5G systems will offer a large variety of 5G services with different requirements. 5G networks will need to support high-availability, low-latency services for critical communications, provide extensive coverage and super-high speeds for eMBB communications and offer low-cost, low-energy services for massive MTC communications. Telecom Operators will, therefore, have to develop a new end-to-end 5G network architecture to address these challenges.
The main aim of the 5G core is to deliver an automated and service-oriented solution with increased efficiency, agility and scalability to be able to integrate different technologies, provide diverse services and support existing and new business areas.
5G system architecture has to offer data connectivity and advanced services, enabling deployments to use techniques such as Network Functions Virtualization (NFV) and Software-Defined Networks (SDN).
5G system basic structure
A 5G system typically consists of a 5G Access Network (AN), a 5G Core Network (CN) and User Equipment (UEs). 5G Access Network is an access network that consists of an NG-RAN and/or non-3GPP AN connecting to a 5G Core Network as specified in TS 23.501.
NG-RAN is actually a radio access network for 5G services that comprises of gNBs (5G NR base stations) and NG-eNBs (LTE eNBs supporting 5G CN).
In 5G CN the User Plane (UP) functions are separated from the Control Plane (CP) ones. There is also concurrent access to local and centralized services, while the functional design is modular via network slicing. With enhanced support of a distributed cloud, a UE can simultaneously access both local and centralized networks within a single connection, and the user can connect to multiple slices simultaneously.
5G Key Differences from LTE/EPC
The main difference between 5G CN and LTE/EPC is the virtualization of functions. Network Slicing is introduced to Core and RAN to create distinct instances and different network functions.
Service Based Architecture is used to enable a cloud-native core implementation and allow for fast service creation. 5G CN supports enhanced QoS functionalities where per-flow QoS/QoE is possible, with each flow individually recognized even within the same Access Point Name (APN).
5G CN supports a Common Access Network architecture for various RAN, Wi-Fi, Fixed, Satellite, and other services, where devices without SIM cards may also be supported to enable IoT connectivity. This new 5G core will provide convergent user plane functions with higher bandwidth, lower latency, and simpler management for the support of non-mobile devices or services.
Migration from LTE EPC to 5G CN
5G NR is based on Non-Standalone and Standalone architecture. The non-standalone architecture will use the existing LTE infrastructure to support the first 5G deployments. LTE RAN is currently connected to the EPC. Since the EPC was designed for LTE applications, it is limited to Non-Standalone mode. 5G services running in a Non-Standalone mode will have to connect to an enhanced, 5G-enabled EPC. In order to provide a 5G Standalone network, 5G NR will have to be connected to a separate 5G Core Network with NFV/SDN distributed cloud and network slicing.

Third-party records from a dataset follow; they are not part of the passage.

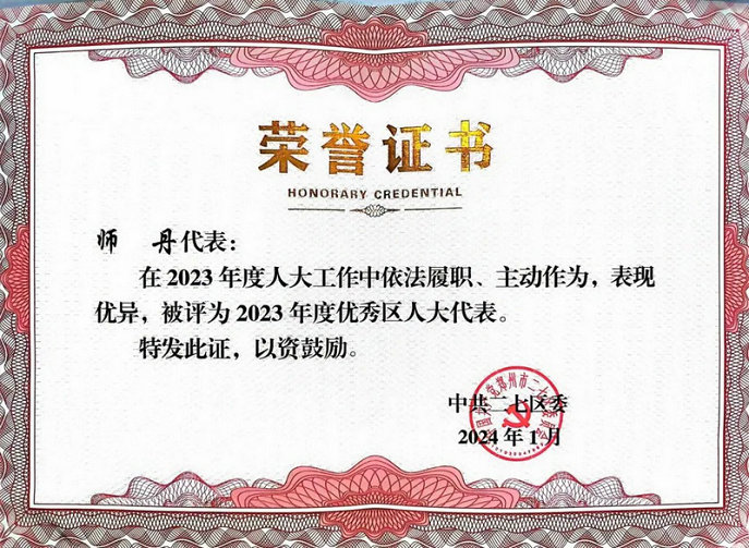 近日,中鐵中產(chǎn)置業(yè)公司總經(jīng)理師丹獲得二七區(qū)“2023年度優(yōu)秀區(qū)人大代表”榮譽(yù),為樹立企業(yè)外部形象、推動(dòng)中鐵中產(chǎn)置業(yè)公司高質(zhì)量發(fā)展做出了積極的貢獻(xiàn)。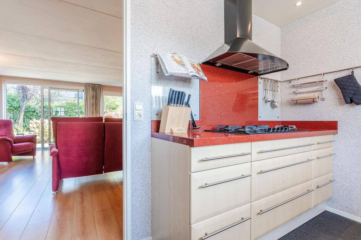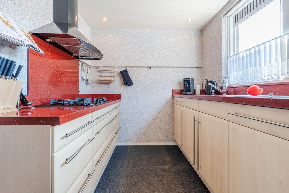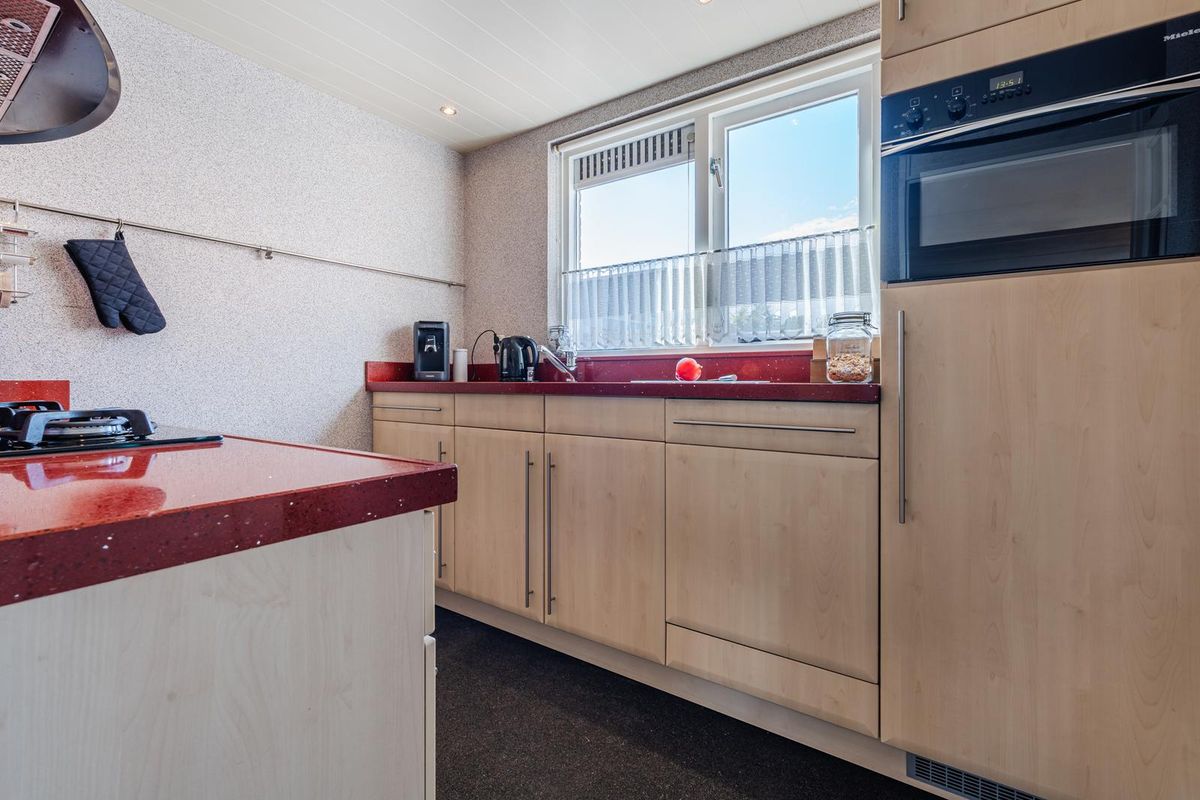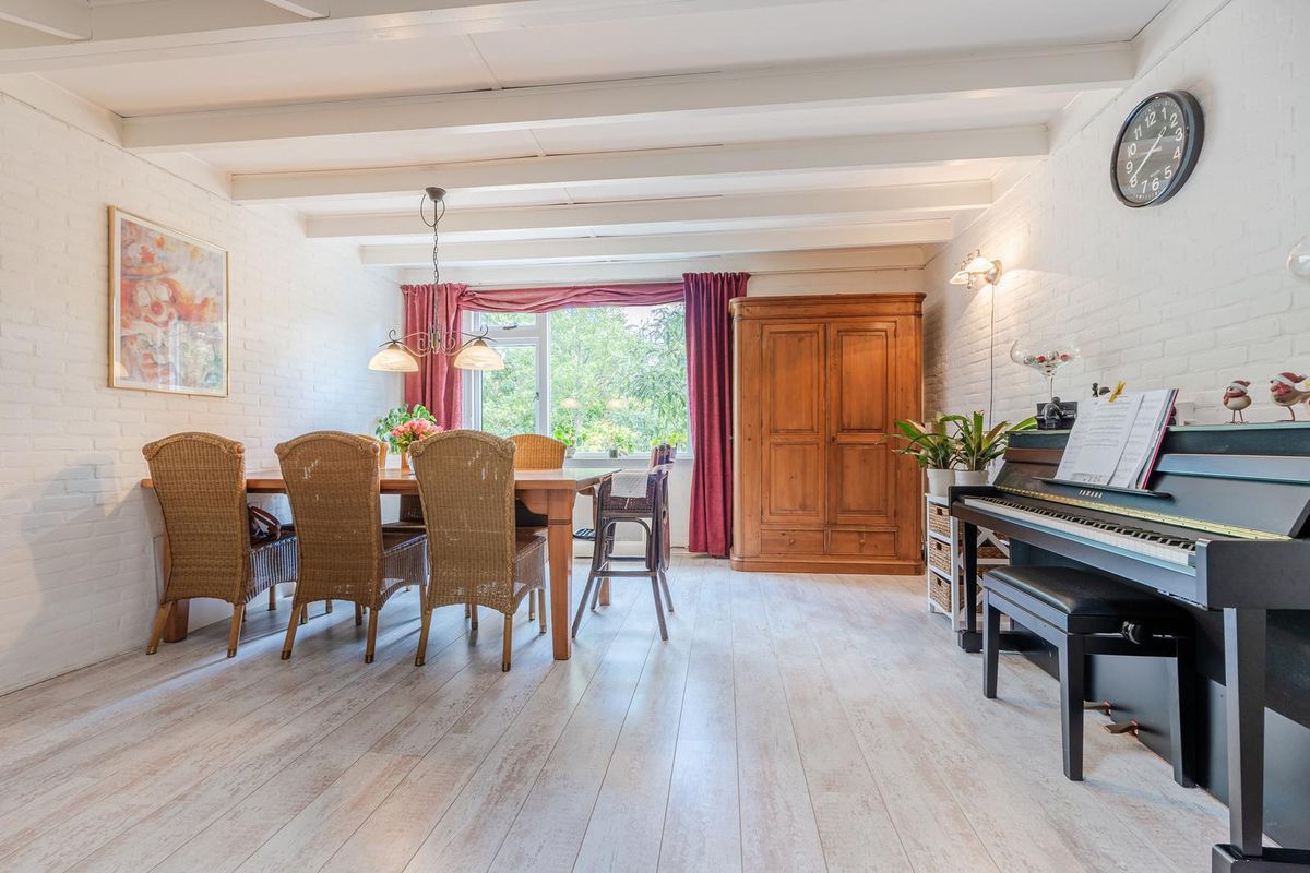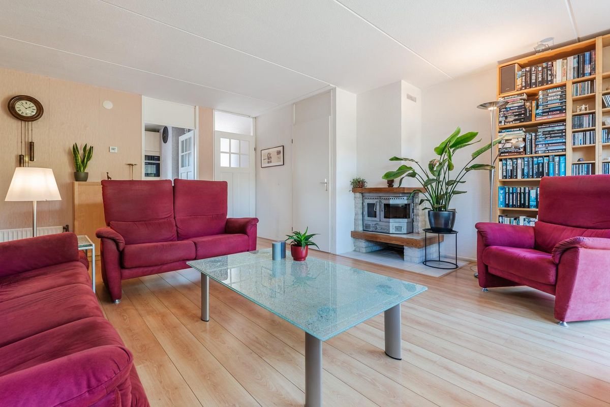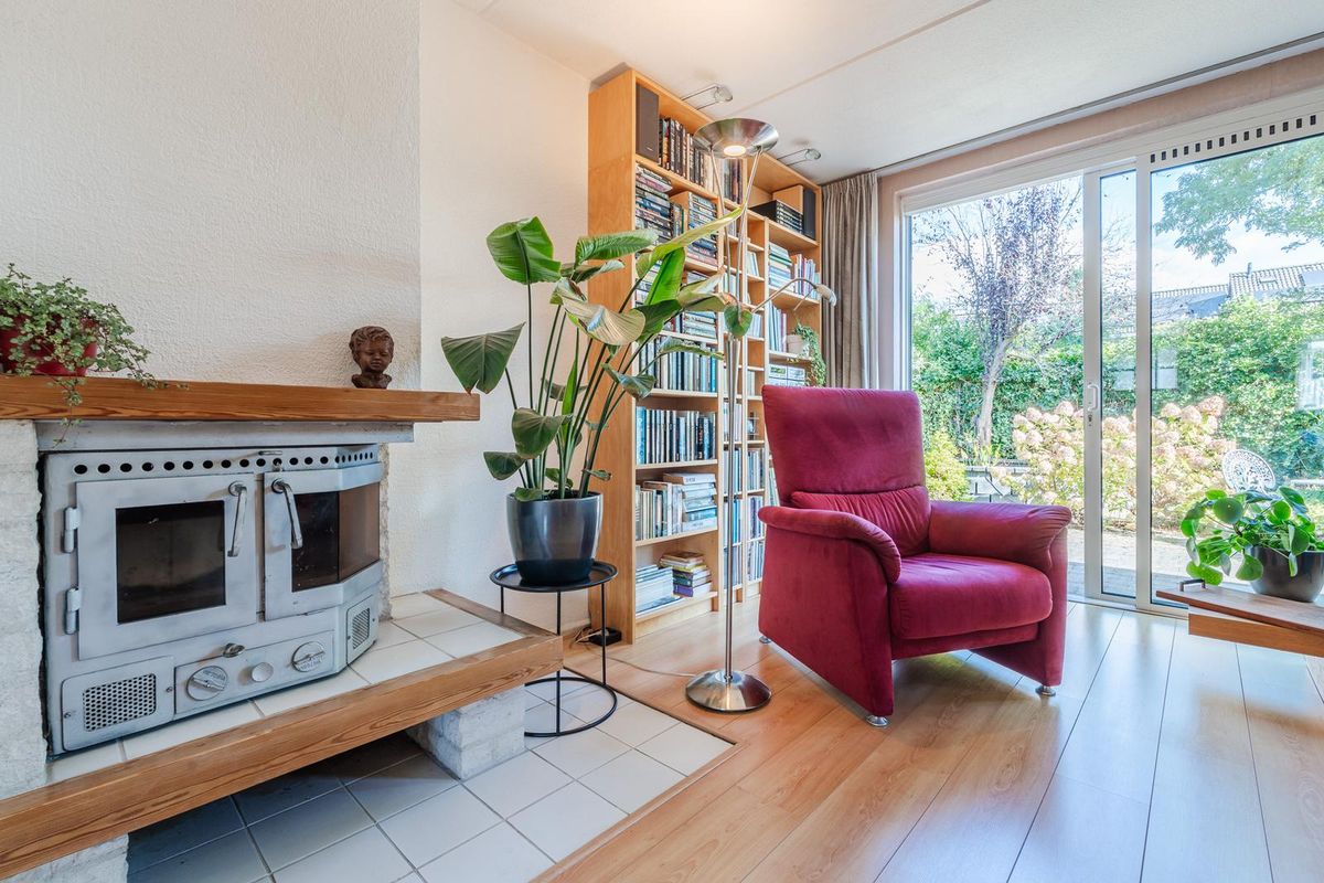 Indeling: Entree met de meterkast, toilet, trapopgang en toegang tot de ruime aangebouwde multifunctionele ruimte. De functie van deze ruimte kan naar eigen inzicht ingevuld worden. Wat dacht u van een eetkamer, een speelkamer, kantoor, praktijk of eventueel een verbouwing tot een slaapkamer met badkamer op de begane grond. Deze ruimte geeft toegang tot de garage met openslaande kunststofgaragedeuren naar de oprit toe. De lichte woonkamer is voorzien van een trapkast, gesloten inzethaard en middels de aluminium schuifpui kan de tuin bereikt worden. Het is een onder architectuur aangelegde tuin met vijver diverse royale terrassen en wisselend bloeiende vaste planten, met aan de achterzijde volop gemeente-groen. Dat geeft een heerlijk vrij gevoel dat door zijn ideale ligging Zuidoost altijd de mogelijkheid heeft om of in de zon, of in de schaduw te vertoeven. De keuken heeft een stenen werkblad en diverse inbouwapparatuur.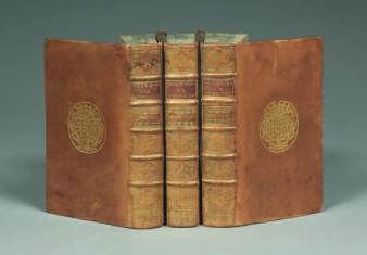 3 volumes in-12, veau fauve, armoiries, dos orné, pièces de titre rouge et de tomaison fauve, pièces d’armes dorées,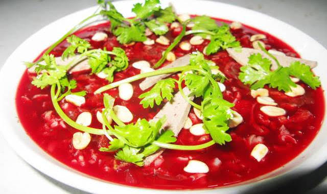 Agar tambah lezat dan membangkitkan aroma, makanan yang diartikan sebagai “salad darah sapi” ini biasanya ditambahkan sejumlah daun mint.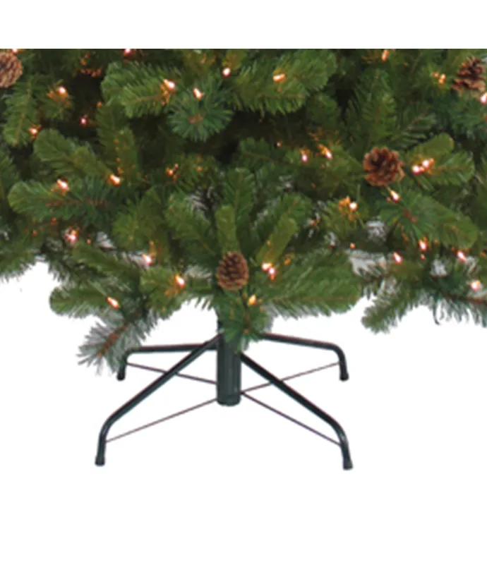 This Kurt Adler 7.5-foot pre-lit Burlington Spruce Christmas tree is a beautiful addition to any holiday décor. This tree is pre-lit with clear incandescent lights and has both pointed and round tips. With its standard design this tree simply needs your favorite ornaments and treetop to complete this unique look.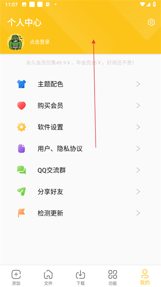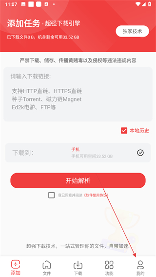 1、打开该下载工具的添加任务页面,点击导航栏的我的选项,进入个人中心界面。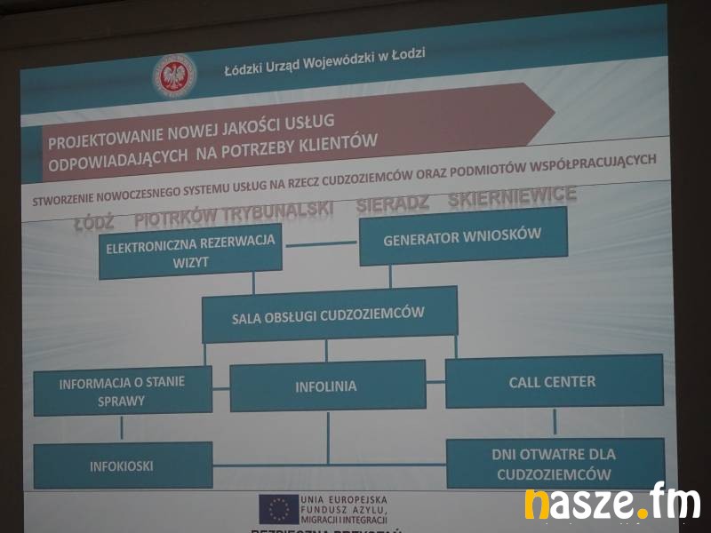 Celem projektu Łódzkie bliżej cudzoziemca jest upowszechnienie instrumentów legalizacji pobytu i pracy dla cudzoziemców z obszaru państw trzecich. Przewiduje utworzenie punktów legalizacji pobytu w trzech terenowych punktach paszportowych Urzędu Wojewódzkiego tj. w Piotrkowie Trybunalskim, w Skierniewicach i w Sieradzu (pomieszczenia w budynku Starostwa Powiatowego). Przeprowadzona zostanie modernizacja sieci logicznej i elektrycznej, zainstalowane łącza OST 112 oraz podłączenie programu Pobyt w trzech punktach Wydziału Spraw Obywatelskich i Cudzoziemców. Umożliwi to utworzenie dziewięciu stanowisk obsługi klienta cudzoziemca, które wyposażone zostaną w niezbędne meble i sprzęt informatyczny. Zapewnione będzie profesjonalne oznakowanie ścieżki obsługi klienta, ułatwiające cudzoziemcom załatwianie spraw.

For 5G network migration it is essential to move from integrated nodes with dedicated hardware, static capacity and element management to virtualized solutions with commercial off-the-shelf (COTS) server hardware and virtual network functions (VNF) management. 5G core network will have to be developed on a software-defined cloud infrastructure with network slice orchestration for optimized applications and 5G network services.
3GPP Release 16 Study Items on 5G Core
3GPP is working towards the creation of a 5G ecosystem that will be able to support the advanced services and use cases of 5G networks. 3GPP Release 16 will expand the works of Rel.15 that set the standards for 5G NR. Regarding 5G CN, the focus is currently on the following areas:
Architecture enhancements for 3GPP support of advanced V2X services
Wireless and Wireline Convergence for the 5G system architecture
Access Traffic Steering, Switch and Splitting support in the 5G system architecture
Data Driven Network Automation
Cellular IoT support and evolution for the 5G System
Enhancing Topology of SMF and UPF in 5G Networks
Enhancement to Service-Based Architecture for Location Services
Enhanced IMS to 5GC Integration
Improvements to the Service-Based 5G System Architecture
Network Slicing Phase-2
Enhancement of URLLC support in 5G
Application Awareness Interworking between LTE and NR
Single radio voice continuity from 5GS to 3G
Encrypted traffic data detection and verification
System enhancements for Provision of Access to Restricted Local Operator Services by Unauthenticated UEs
Enhanced 5G services need an advanced 5G core that will be able to provide flexibility and support dynamic allocation of services on demand. Creating a standalone 5G network is definitely a great challenge and may take several years to achieve. However, the right standardization steps are underway to offer a cautious migration from the existing LTE EPC to the 5G Core Networks of the future.